Just one follow-up on that. Would it be worthwhile to contract a more expensive drilling contractor in the market to access drilling and services expertise. Has that been a consideration?

Corey Ruttan

executive
#29

Yes. No, for sure, it is. And every time we do a drilling project, we go out for a request for proposal. We get all the bids in possible, and we're evaluating. Price is just one small component of that evaluation, the quality of the equipment and all that is a massive part of the selection. So the reality is we don't have as many choices as we would in Western Canada. So we have to work with our service providers. There's other companies in Brazil that have taken things into their own hands and built their own entire service businesses, which in some cases, I think, leads -- there's an example of one of our peers in Brazil that's done that. And I think they've got some good quality equipment. They've also got 1,500 or 1,700 employees that are managing that business. And the other reality is if we had a more continuous drilling program, it does help with that.

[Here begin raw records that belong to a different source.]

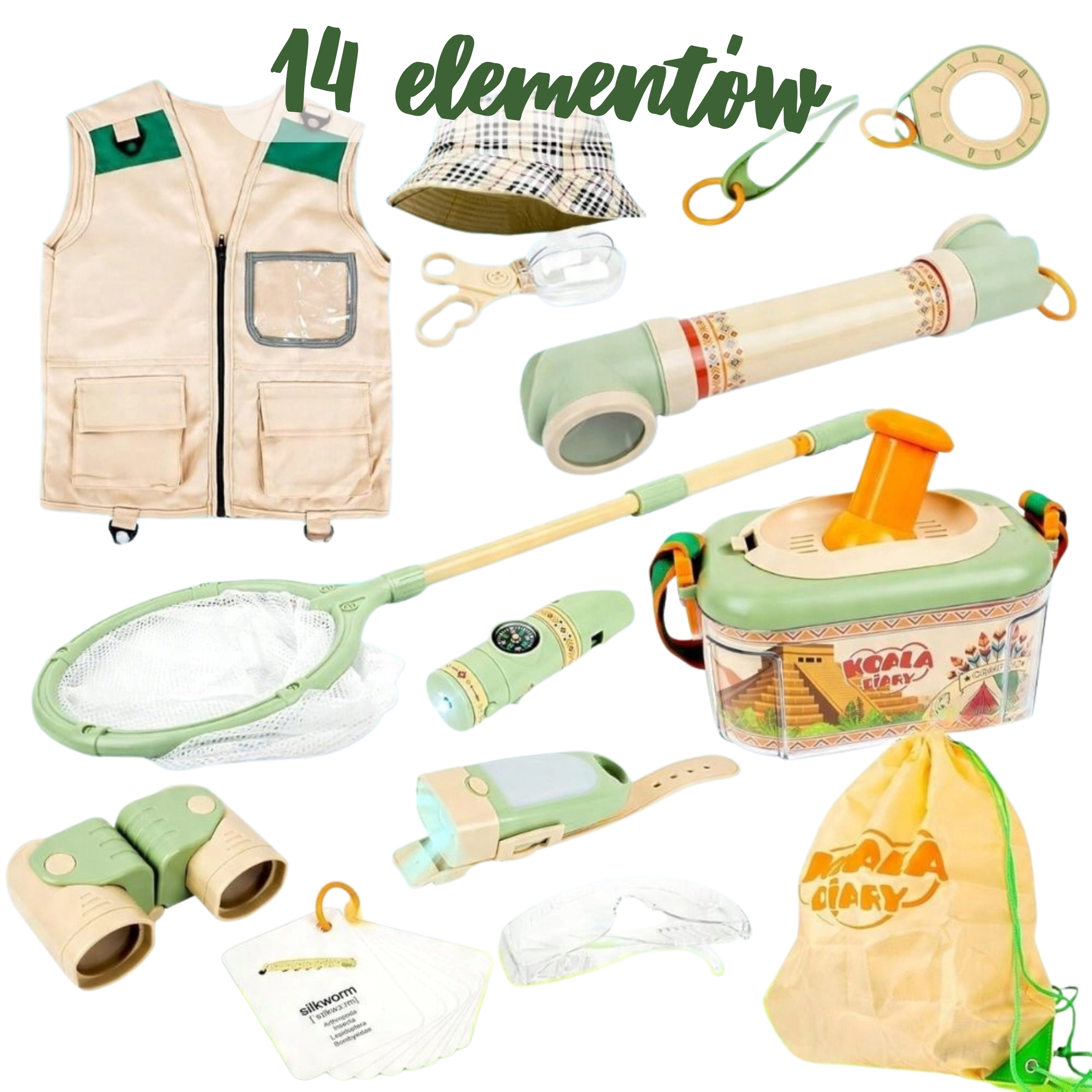 Pasiruoškite nepamirštamam nuotykiui su Mažojo Tyrinėtojo rinkiniu iš Woopie! Šis išsamus įrangos komplektas yra puiki dovana visiems smalsiems jauniems tyrinėtojams, trokštantiems pažinti gamtą sode, miške ar net savo kieme.
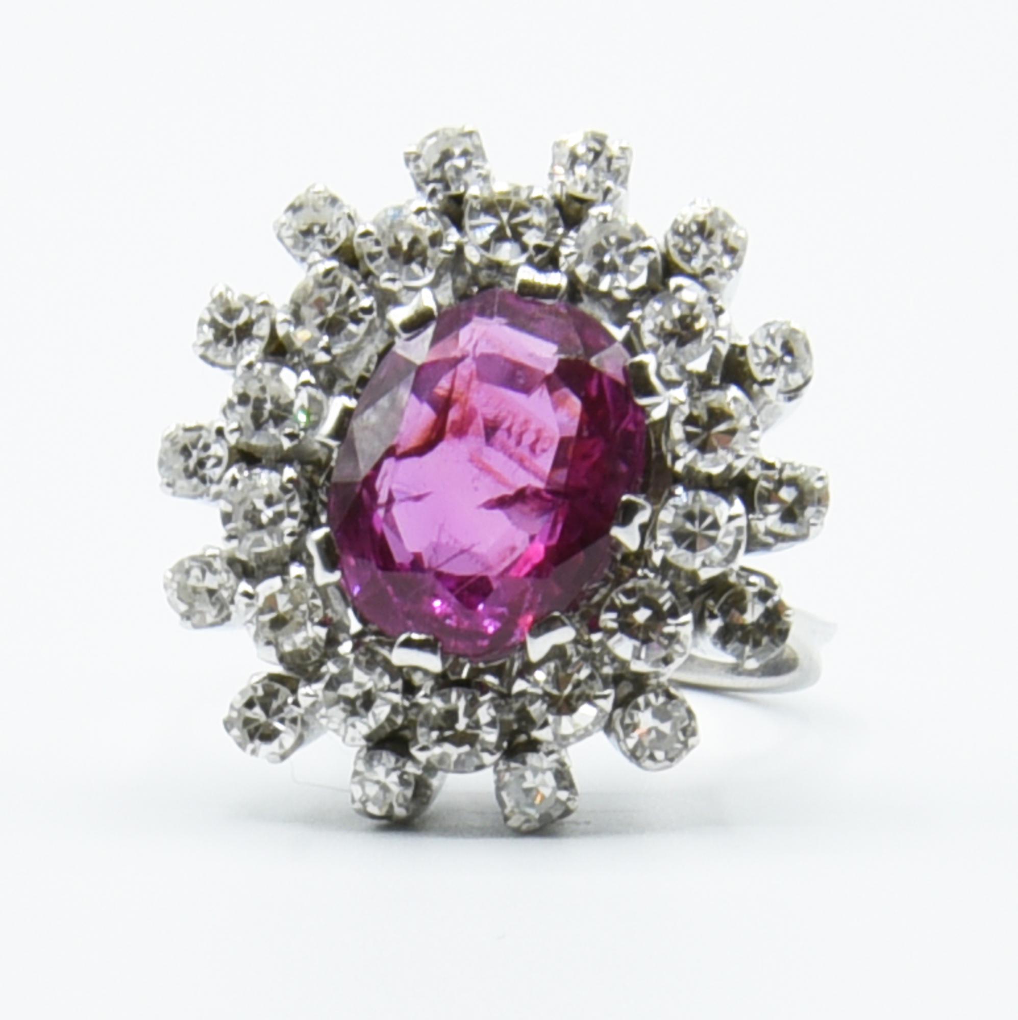 Lotto 43 | ANELLO MARGHERITA CON RUBINO E DIAMANTI in oro bianco 18 kt, con al cenro...
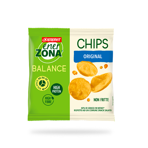 EnerZona Chips sono lo snack salato bilanciato 40-30-30, ideale sia per chi segue la dieta Zona sia per chi dà valore a un'alimentazione bilanciata, grazie alla loro formulazione perfettamente bilanciata nei macronutrienti (il 40% delle calorie proviene dai carboidrati, il 30% dalle proteine e il restante 30% dai grassi).
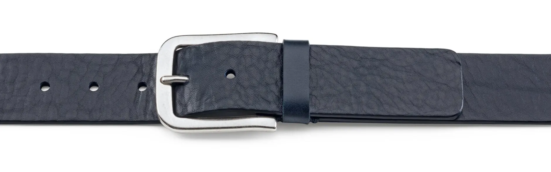 Die Basis dieses einlagigen Gürtels ist ein pflanzlich gegerbtes Rindleder deutscher Herkunft. Es zeigt ein natürliches, markantes Narbenbild und wurde im Fass in kräftigem Dunkelblau durchgefärbt. Die solide Gürtelschließe aus versilbertem Messing passt perfekt zu dem charaktervollen Leder.

So our reality is we've got a little bit more of a lumpy drilling program. So we just need to try to manage that as best as possible.

Alison Howard

executive
#30

Okay. Just moving back on Brazil here. Can you clarify the expected Brazilian royalty going forward? So as I mentioned that the Q1 had included some historical royalty adjustments. So hence, our -- it was about 11.9% effective royalty rate in Q1. Going forward, ultimately, it will depend on forecasted commodity prices, but we're forecasting more like 5% to 6%. Back to Canada, do you have a set WTI price that would require -- would be required to hit payback in 12 months?

Corey Ruttan

executive
#31

Yes. So that was basically at the economics that we ran when we entered into the Farmin. So we were probably closer to $70 WTI.

Alison Howard

executive
#32

And then on the corporate side, to what extent would major players in Brazil be interested in acquiring your Brazilian assets?

Corey Ruttan

executive
#33

Yes. Well, it's hard to speculate on that, but I think we've built a pretty impressive platform, and we have some highly strategic midstream infrastructure and a very attractive gas sales agreement. So yes. No, I would think that's attractive, but we don't think too much about that. We try to focus on the business and making sure we're growing the business and adding value for shareholders.

Alison Howard

executive
#34

Okay. And with that, we don't -- we have no further questions.

Corey Ruttan

executive
#35

All right. Well, thank you, everyone, for attending. If you've got any questions after the fact, feel free to give any of us a call. And again, we look forward to doing this again in 3 months.